George melirik Arthur yang masih sesenggukan.

"Hei, kau, jangan menangis. Sudah berakhir kok." Gumamnya.

"Berakhir my ass!" balas Arthur (kata-kata yang terlalu tidak pantas untuk seorang anak sepuluh tahun, memang). "Besok mereka akan datang lagi dan meledekku."

George menatapnya remeh dan berbalik menghadapi kerumunan anak-anak sembari menyibak poninya, menunjukkan—

"Kalau begitu, mulai sekarang, jangan katai dia 'Alis Tebal'. Kalau kalian ingin mengejek seseorang, ejek saja aku. Alisku lebih tebal daripada si pirang itu."

—ya.

Seisi ruangan hening.

Si rambut merah menoleh menatap Arthur sambil nyengir lebar.

"Jadi kalau ada yang meledekmu lagi, hadapkan saja mereka kepadaku, ya?" George berkata penuh kemenangan, membuat Arthur terpana—dan mengangguk sambil menghapus airmatanya.


Sembilan tahun lalu, Sekolah Menengah Atas.

Hari Valentine. Tentu semua tahu hari apa itu. Coklat, coklat, truffle, cokelat, tart, coklat, coklat… yah.

"Kau terlihat capek," seorang lelaki Prancis (yang, err, bernama Francis) menyodok perut Arthur di kelas.

"Yeah, aku berlatih membuat truffle beberapa malam terakhir." Jawab si pemuda Inggris. "…jangan tanya untuk siapa, oke."

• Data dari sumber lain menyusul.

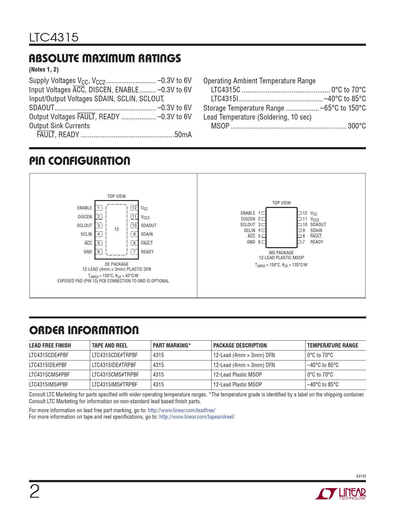 Supply Voltages VCC, VCC2 ... –0.3V to 6V Operating Ambient Temperature Range Input Voltages ACC, DISCEN, ENABLE ... –0.3V to 6V LTC4315C .. 0°C to 70°C Input/Output Voltages SDAIN, SCLIN, SCLOUT, LTC4315I.. –40°C to 85°C SDAOUT ... –0.3V to 6V Storage Temperature Range .. –65°C to 150°C Output Voltages FAULT, READY ... –0.3V to 6V Lead Temperature (Soldering, 10 sec) Output Sink Currents MSOP ... 300°C FAULT, READY ...50mA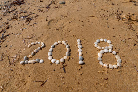 Year 2018 handwritten on seashore sand.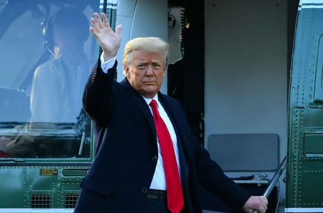 Ο Ντόναλντ Τραμπ αποχώρησε από τον Λευκό Οίκο επιβαίνοντας στο Marine One, το ελικόπτερο του Σώματος των Πεζοναυτών τον οποίο είχε προσγειωθεί στον κήπο του Λευκού Οίκου για να τον παραλάβει, λίγες ώρες πριν από την ορκωμοσία του Τζο Μπάιντεν στην προεδρία.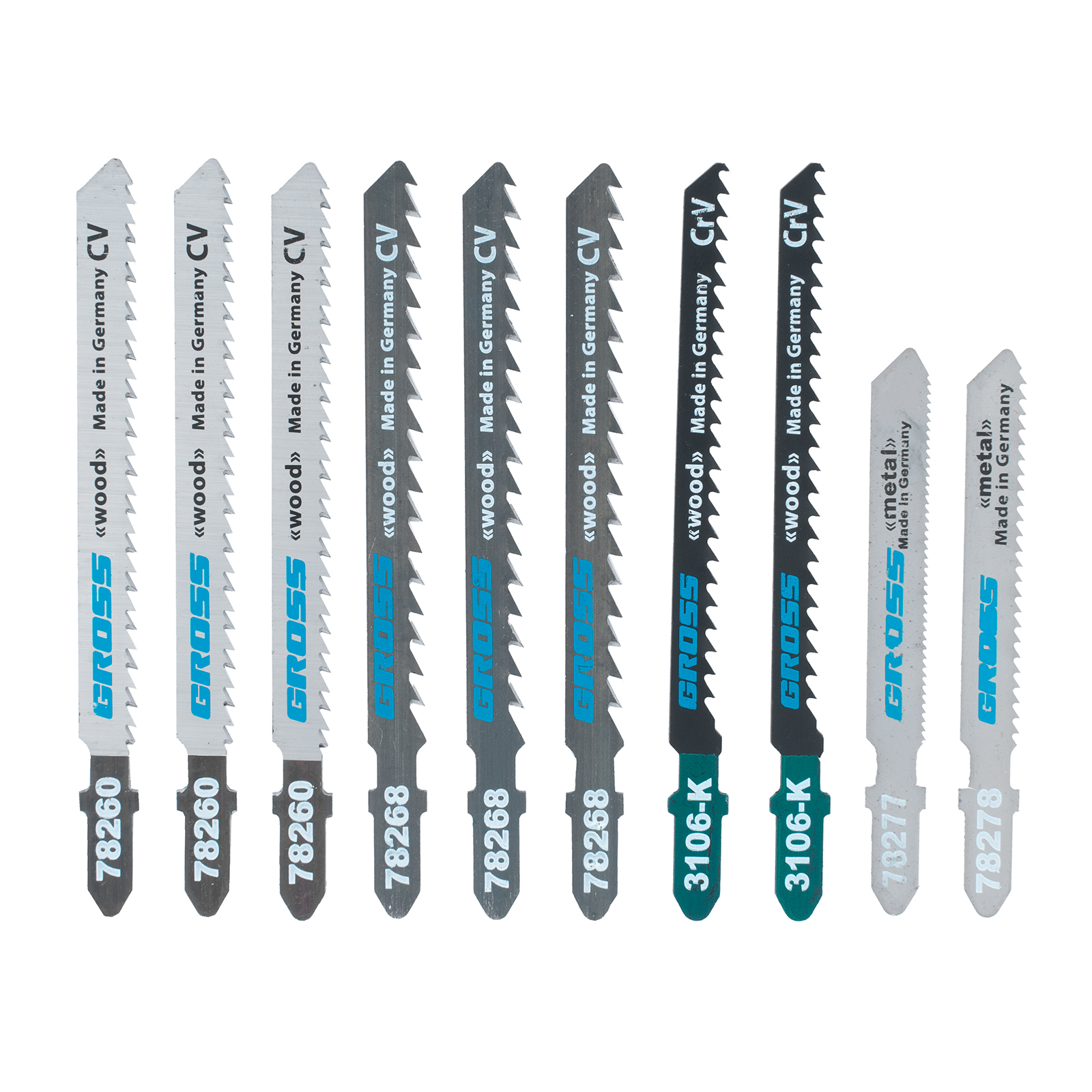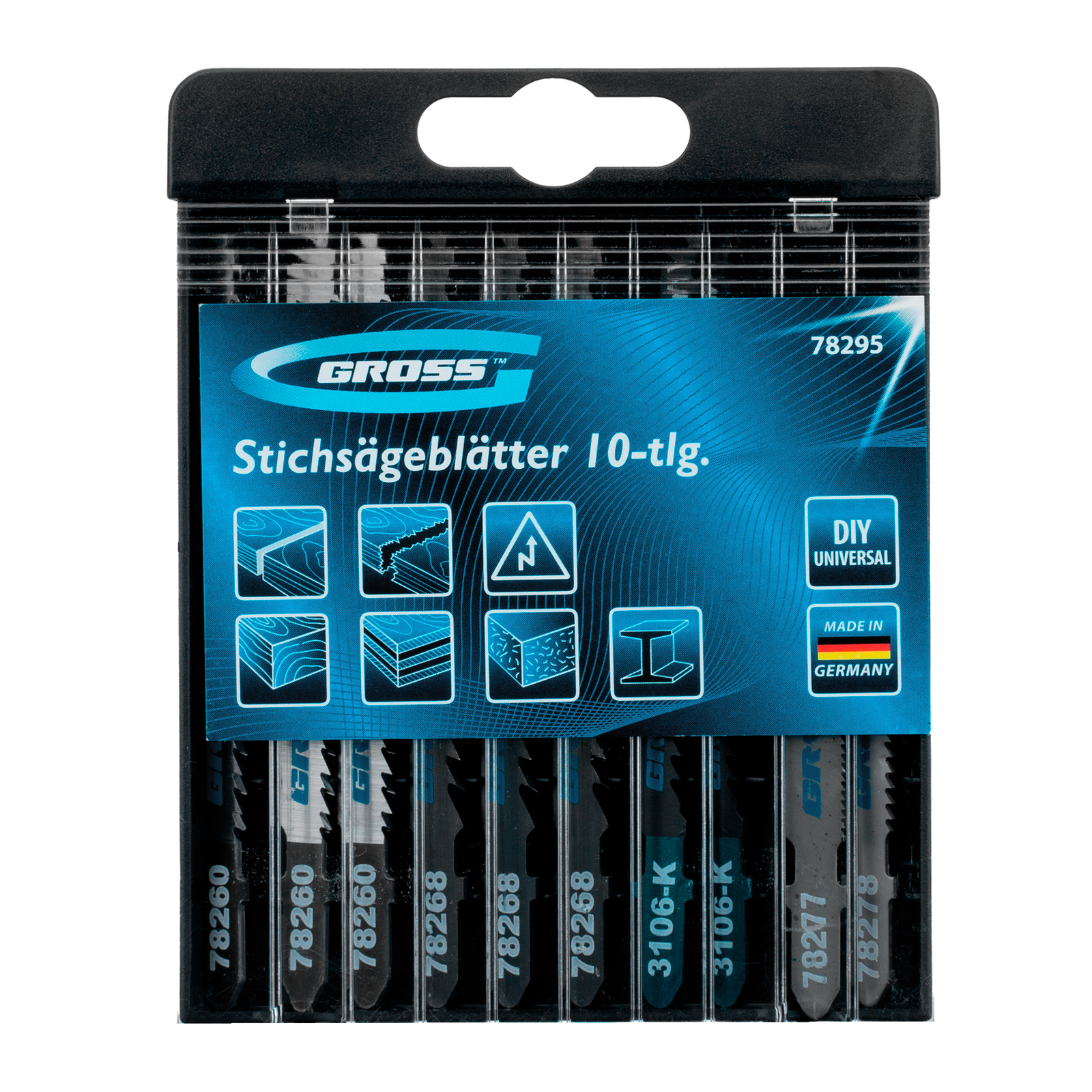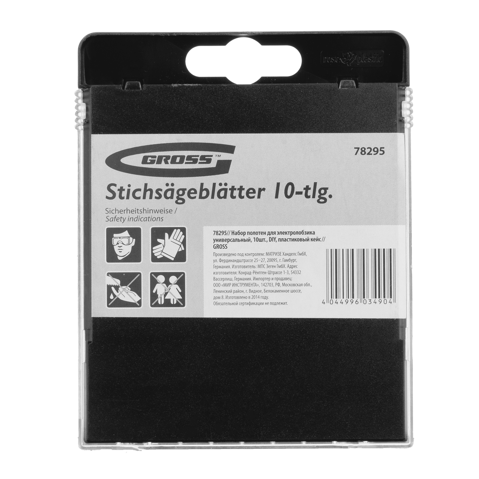 Универсальный набор полотен для электролобзика Gross DIY 78295, 10 шт. в в пластиковом кейсе, предназначен для чистого и быстрого прямолинейного распила деревянных и металлических материалов. Каждое полотно отличается высоким качеством, поэтому набор прослужит долгое время даже в условиях интенсивной эксплуатации.ПреимуществаВысокая твердость и износостойкость — все полотна в наборе выполнены из немецкой хромованадиевой стали.Чистый рез без сколов — боковая поверхность полотен отшлифована под конус.Высокое качество исполнения — полотна изготовлены с применением лазерного раскроя, заточены и отшлифованы на автоматизированном оборудовании.Универсальность — набор включает 10 полотен для выполнения самых распространенных работ по дереву и листовому металлу.Удобство хранения и транспортировки — набор поставляется в пластиковом кейсе.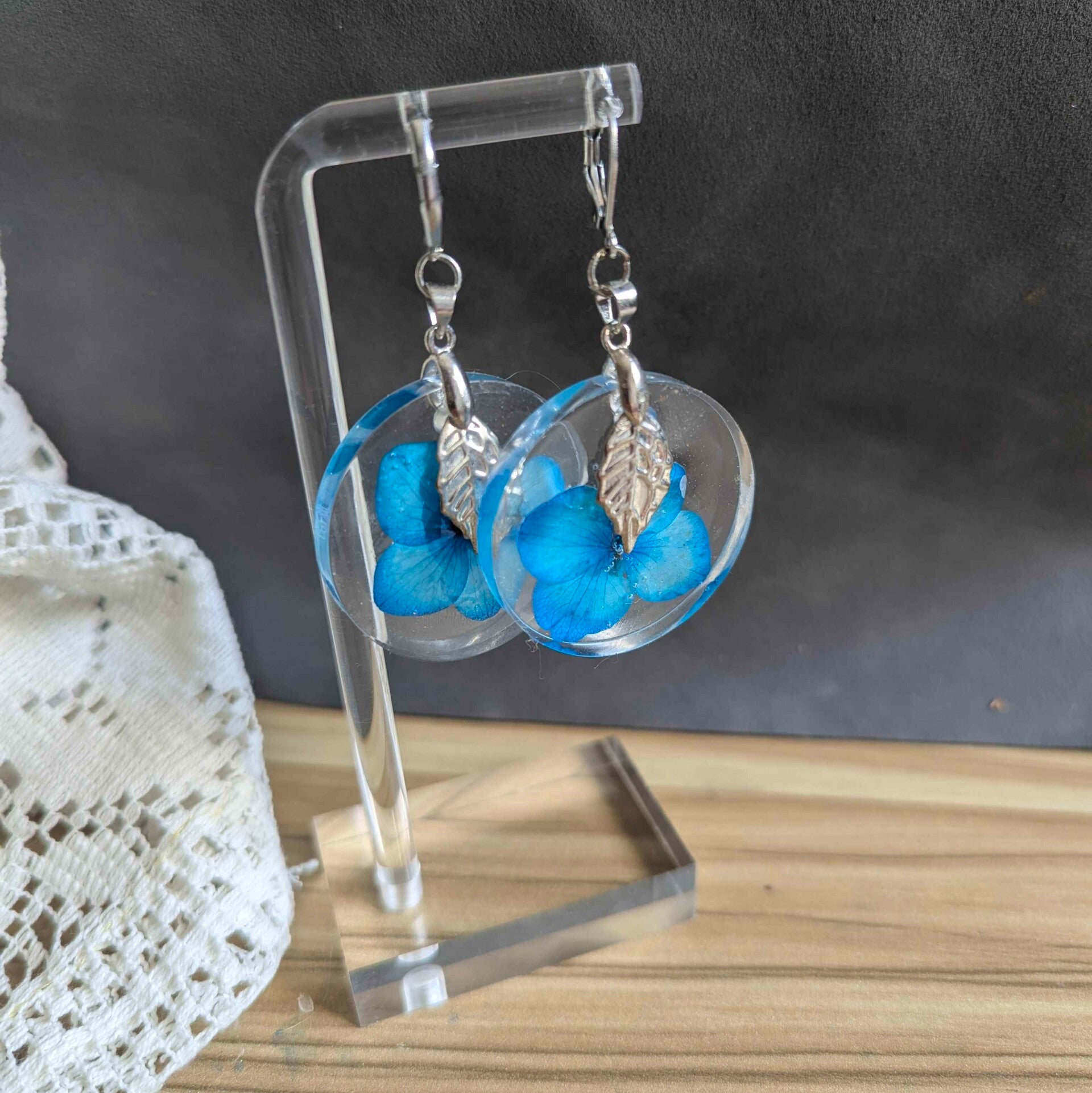 Ces boucles d’oreilles sont réalisées à la main avec de la résine transparente, dans laquelle sont intégrées de vraies fleurs séchées.

"Aku memang sudah tahu, nak." Gumam Francis. "Al, kan?" direndahkannya suaranya.

Arthur menonjoknya.

"Bagaimana kau tahu?" mukanya memerah.

Francis tergelak.

"Aku ini pakar."

Sepulang sekolah, di bawah pohon rindang di halaman belakang, Arthur sudah berdiri di hadapan Alfred. Teman-teman si bocah Amerika mengawasi dari belakangnya. Wajah Arthur merona, tatapannya berpindah-pindah. Kakinya tak dapat berhenti bergerak.

"Ya, Artie?" kata Alfred, agak menuntut—nadanya congkak.

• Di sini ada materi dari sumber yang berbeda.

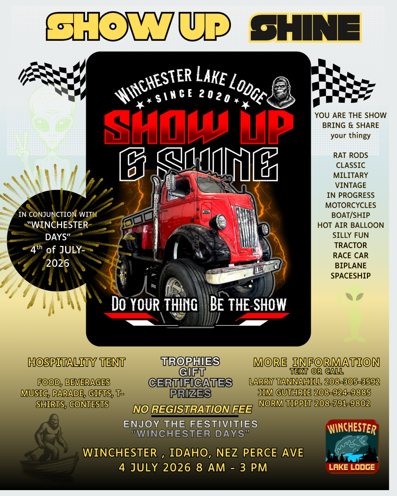 6th annual “WINCHESTER LAKE LODGE” "SHOW UP & SHINE" 4th of July-2026. All are welcome! Saturday, July 4, 2026 8:00 AM 3:00 PM 214 Joseph Avenue Winchester, ID, 83555 United States (map) Google Calendar ICS Bring your cool thing or just come and enjoy, food, beverage conversation, reminisce and relax. No gate or registration fee, tshirts, cars, trucks, farm equpment and alien spaceships always welcome. MORE INFO:LARRY TANNAHILL 208-305-3592JIM GUTHRIE 208-924-9885NORM TIPPIT 208-791-9802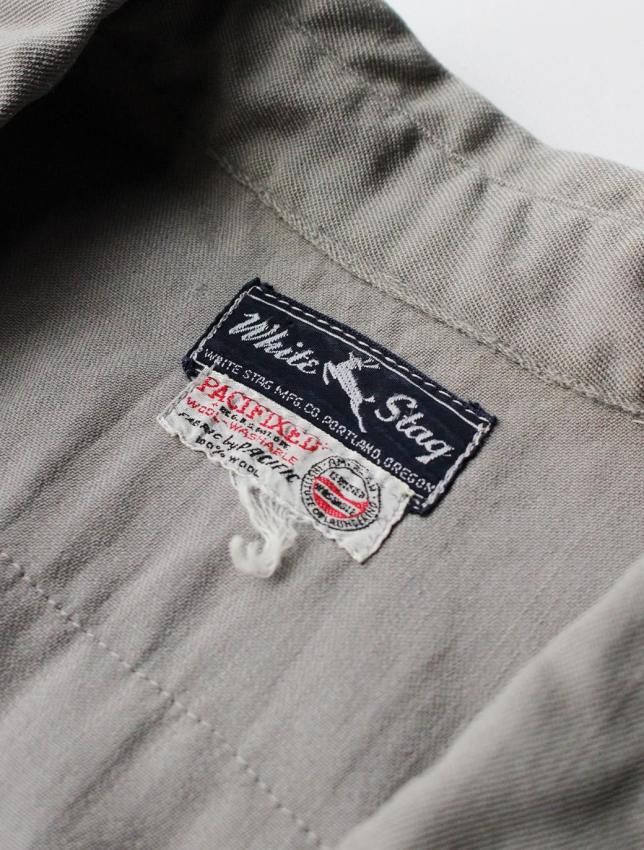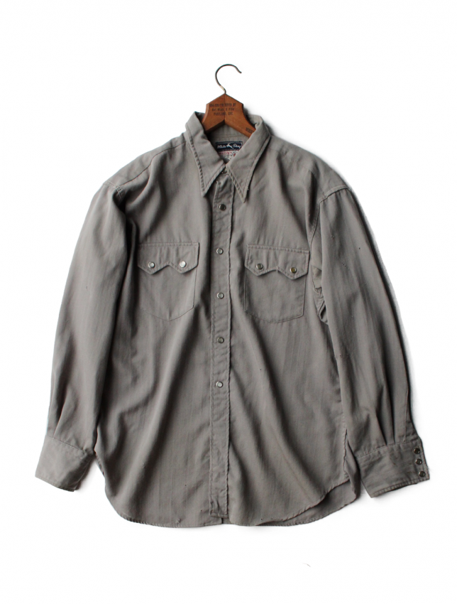1940〜50年代頃の White Stag ウエスタンシャツのご紹介です。 落ち着いたグレー単色の上品な一枚で、タグには「Pacifixd Wool」と記載があり、当時としては画期的な“洗えるウール素材”が使用されています。 スタイルは当時のウエスタンシャツらしいディテールを踏襲しており、襟はロングポイント仕様。胸ポケットのフラップは人気の高いソートゥース型となっています。 コンディションについては、胸ポケットフラップのスナップ土台、カフスのスナップが欠損、全体的に小穴の点在がありますが、着用には問題ございません。その他には多少の使用感は見られるものの、特筆すべき大きなダメージはなく、全体的に良好です。 古いウエスタンシャツの中でも落ち着いた色味と使いやすいディテールが魅力の一枚。しっかりと洗えて日常使いしやすいため、メンテナンス面でも安心いただける個体です。サイズ感も良好ですので、ぜひこの機会にご検討ください。 |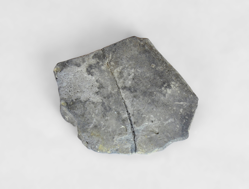Tejuelo de cerámica con las superficies muy quemadas.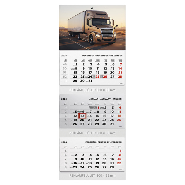 Speditőr naptár Top Timer Kamion, 3 tömb / 3 hónap, 320x852mm, 2026.év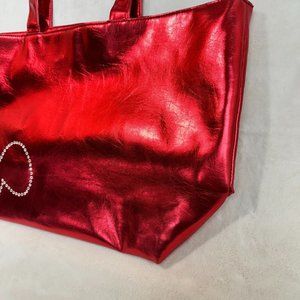 Disney Parks Red Metallic Mickey Huge 20" Vegan Leather Tote with Rhinestones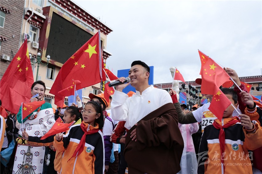 在開幕式上,藏族男女飽含真情領(lǐng)唱《歌唱祖國》,緊接著,托舉五星紅旗的儀仗隊緩緩進場。當雄壯的《義勇軍進行曲》響起,跑者、老師、學(xué)生、干部、農(nóng)牧民群眾等向冉冉升起的國旗行注目禮,心里升騰起無比的自豪。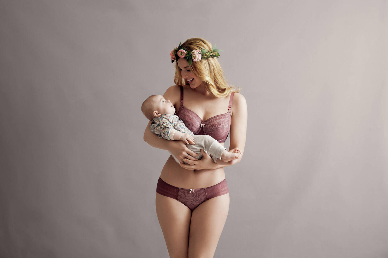 Panties with lace and lined front in skin tone, part of transparent behind.

"Aku…" Arthur bergumam. "A-aku—"

Ia terdiam, Alfred mendehem.

"Ah, maaf," kata Arthur pelan. "y-yah, ka-karena ini Valentine, kupikir—kupikir aku mungkin bisa membuatkanmu truffle coklat dan—dan—kuharap—kuharap kau menyukainya."

Ia mengulurkan sebuah kotak merah berisikan tiga buah camilan manis tersebut. Agak ragu, Alfred mendekat dan memasukkan satu ke dalam mulutnya.

Jantung Arthur berdetak keras.

"…erm, anu…" Alfred terbatuk. "Aku… cokelat buatan Matt lebih baik, kupikir."

Asal tahu saja, reputasi Matthew—lelaki invis asal Kanada—hanya sedikit, sedikit lebih baik daripada Arthur. …yah, karena kepandaian Matthew dalam membuat pancake. Sisanya, dapat disetarakan.

Arthur terpana.

"Ah… begitu," gumamnya lirih. "…maaf."

Dan ia mundur, pergi meninggalkan Alfred dan kawan-kawannya yang kini tertawa—dia kah objeknya?—penjatuhan harga diri habis-habisan.

Ia bergerak dengan kepala tertunduk dan kotak tadi di kantongnya, pergi menuju atap sekolah yang kosong. Mencari perlindungan—

"Hei."

—yang sesungguhnya tak perlu dicari.

Arthur menoleh untuk mendapati perlindungan tersebut menepuk pundaknya. Lelaki berambut merah itu, lelaki beralis tebal itu, lelaki bermata zamrud cemerlang itu...

"…kau, George."

Ekspresi datar si lelaki Skotlandia tak berubah melihat air muka kusut Arthur. Tangannya kembali ke dalam sakunya.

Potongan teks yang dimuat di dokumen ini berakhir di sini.